This week we were surprised by two stories on the US housing market and more specifically on one of its less appealing features : home foreclosures. A first story line focused on the amount of legal mistakes made by banks during foreclosure processing. This became known as the robo-signing scandal, or the practice of a bank employee signing thousands of documents without verifying the information thoroughly. Some reports last year revealed that 1 bank employee managed to perform the Herculaneum task of signing off almost 10,000 foreclosure documents in less than 1 month time !! When this news leaked, 4 major banks – JPM, BofA, Ally Financial and Wells Fargo – called a halt to foreclosure actions in 23 states. Then came a coalition of 40 attorneys general plan, a sort of class action against the banks’ procedures. Last Thursday, we had the historic foreclosure settlement of 25 bio USD which potentially can grow to 40 bio USD. First press reactions are in the trend of “too little to late”. For a more extensive review, I would like to refer to
But there was another story which received less attention and it nevertheless deserves some scrutinizing.
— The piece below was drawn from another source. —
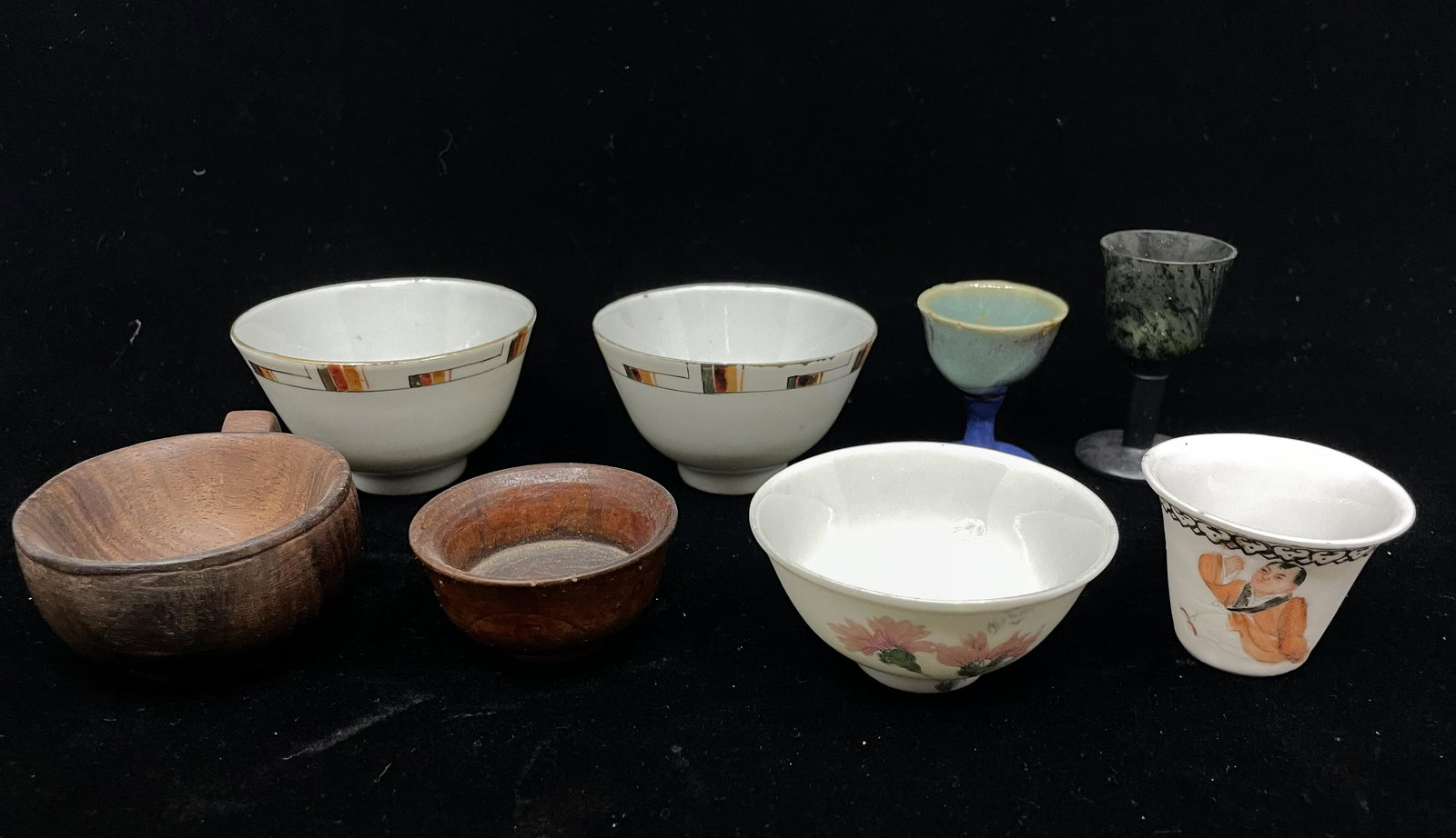 Eight wooden/jade/porcelain cups

It involves Joe-Six-Pack’s tax payers money and the core of democracy : The FED’s secret deals with some specific Wall Street firms on re-selling mortgage backed securities which it received after several bail-out operations. It involves the unwinding of the Maiden Lane vehicles on the FED balance sheet. These 3 vehicles came to life as follows :
Maiden Lane 1 : 30 bio USD of mortgage assets JPM found too risky to hold when they took over Bear Sterns.
Maiden Lane 2 : 19,5 bio USD of mortgage assets coming from AIG which was bailed out 11/08
Maiden Lane 3 : 24 bio USD credit line to cover Credit Default Swap obligations by AIG on toxic Collateralized debt obligations
The NY FED always stated that it was its intention to re-sell these products in the market once conditions stabilized and became more market friendly. And in fact it managed so far to unwind several bio of assets. But the way it achieved this raises some eyebrows. Last year for instance, the FED invited more than 40 brokers to take part in a series of auctions. In the end, the FED only selected Goldman (surprise, surprise) , Credit Suisse and Barclay’s to bid on the full amount of bonds. The same thing happened this year with also a limited number of selected brokers bidding in the end (Goldman, BofA and Citi).
Now it might seem strange but we had learned that in order to receive a good price, some competition amongst bidders might serve you well. But it becomes even more strange when the following is revealed :
1) The NY FED did never announce its auctions in public unless after the facts. They said that the broker dealers were selected on previous strong bids.
2) Wall Street firms and their clients who wished to bid on the assets during an auction, were explicitly required to sign non-disclosure agreements, forbidding them from discussing the offerings in public.
Some have argued that this more secret way of doing business was actually beneficial in terms of not disturbing the secondary market of the assets. And in addition, that the transactions would be done quickly without any problems. And to compare this with an example more familiar to us : State Street in 2010 and Dexia in August 2011 also sold mortgage bonds, respectively for 11 and 8,8 bio USD. Dexia had publicly announced its intention to sell, State Street (third largest custody bank) didn’t.